What is the smallest integer #n# such that #n! = m cdot 10^(2016)#?

1 Answer
Oct 4, 2016

#n=8075#

Explanation:

Let #v_p(k)# be the multiplicity of #p# as a factor of #k#. That is, #v_p(k)# is the greatest integer such that #p^(v_p(k))|k#.


Observations:

  • For any #k in ZZ^+# and #p# prime, we have #v_p(k!) = sum_(i = 1)^k v_p(i)#
    (This can be easily proven by induction)

  • For any integer #k > 1#, we have #v_2(k!) > v_5(k!)#.
    (This is intuitive, as multiples of powers of #2# occur more frequently than multiples of equivalent powers of #5#, and may be proven rigorously using a similar argument)

  • For #j, k in ZZ^+#, we have #j|k <=> v_p(j) <= v_p(k)# for any prime divisor #p# of #j#.


Proceeding, our goal is to find the least integer #n# such that #10^2016|n!#. As #10^2016 = 2^2016xx5^2016#, then by the third observation, we need only confirm that #2016 <=v_2(n!)# and #2016 <= v_5(n!)#. The second observation means that the latter implies the former. Thus, it is sufficient to find the least integer #n# such that #v_5(n!) = sum_(i=1)^nv_5(i) >= 2016#.


To find #n# we will make an observation which will allow us to calculate #v_5(5^k!)#.

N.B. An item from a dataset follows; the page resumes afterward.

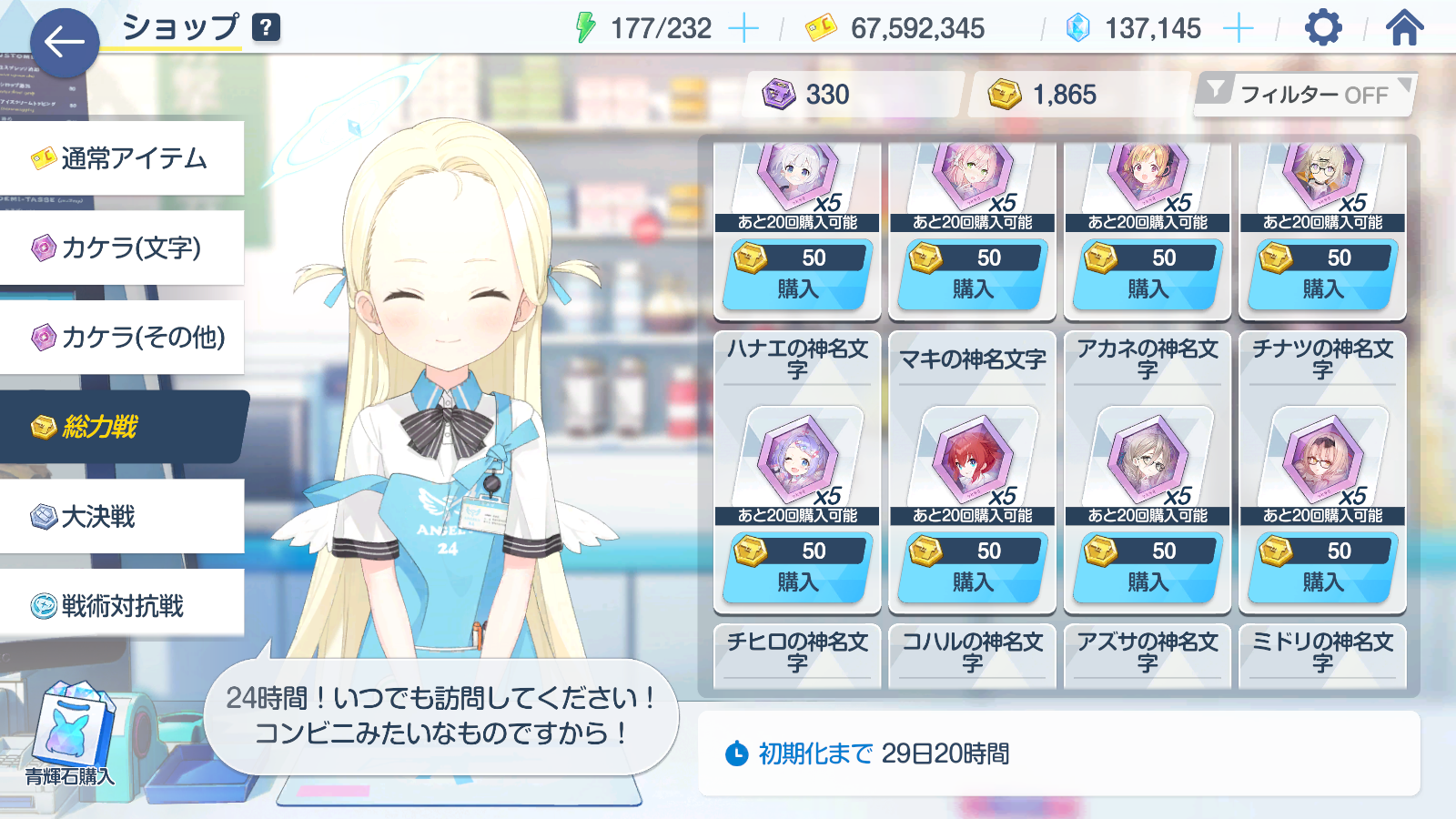・シロコ(水着)、ヒマリ、キサキのうち1人はなるべく確保したい(エンドコンテンツで有利になれる)

Between #1# and #5^k#, there are #5^k/5# multiples of #5#, each of which contribute at least #1# to the sum #sum_(i=1)^(5^k)v_5(i)#. There are also #5^k/25# multiples of #25#, each of which contribute an additional #1# to the sum after the initial count. We can proceed in this manner until we reach a single multiple of #5^k# (which is #5^k# itself), which has contributed #k# times to the sum. Calculating the sum in this manner, we have

#v_5(5^k!) = sum_(i=1)^(5^k)v_5(i)=sum_(i=1)^(k)5^k/5^i=sum_(i=1)^k5^(k-i)=sum_(i=0)^(k-1)5^i=(5^k-1)/(5-1)#

Thus, we find that #v_5(5^k!) = (5^k-1)/4#


Finally, we will find #n# such that #v_5(n!) = 2016#. If we calculate #v_5(5^k!)# for several values of #k#, we find

#v_5(5^1) = 1#
#v_5(5^2) = 6#
#v_5(5^3) = 31#
#v_5(5^4) = 156#
#v_5(5^5) = 781#

As #2016 = 2(781)+2(156)+4(31)+3(6)#, #n# needs two "blocks" of #5^5#, two of #5^4#, four of #5^3#, and three of #5^2#. Thus, we get

#n = 2(5^5)+2(5^4)+4(5^3)+3(5^2) = 8075#

A computer can quickly verify that #sum_(i=1)^(8075)v_5(i)=2016#. Thus #10^2016 | 8075!#, and as #5|8075!# with multiplicity #2016# and #5|8075#, it is clear that no lesser value will suffice.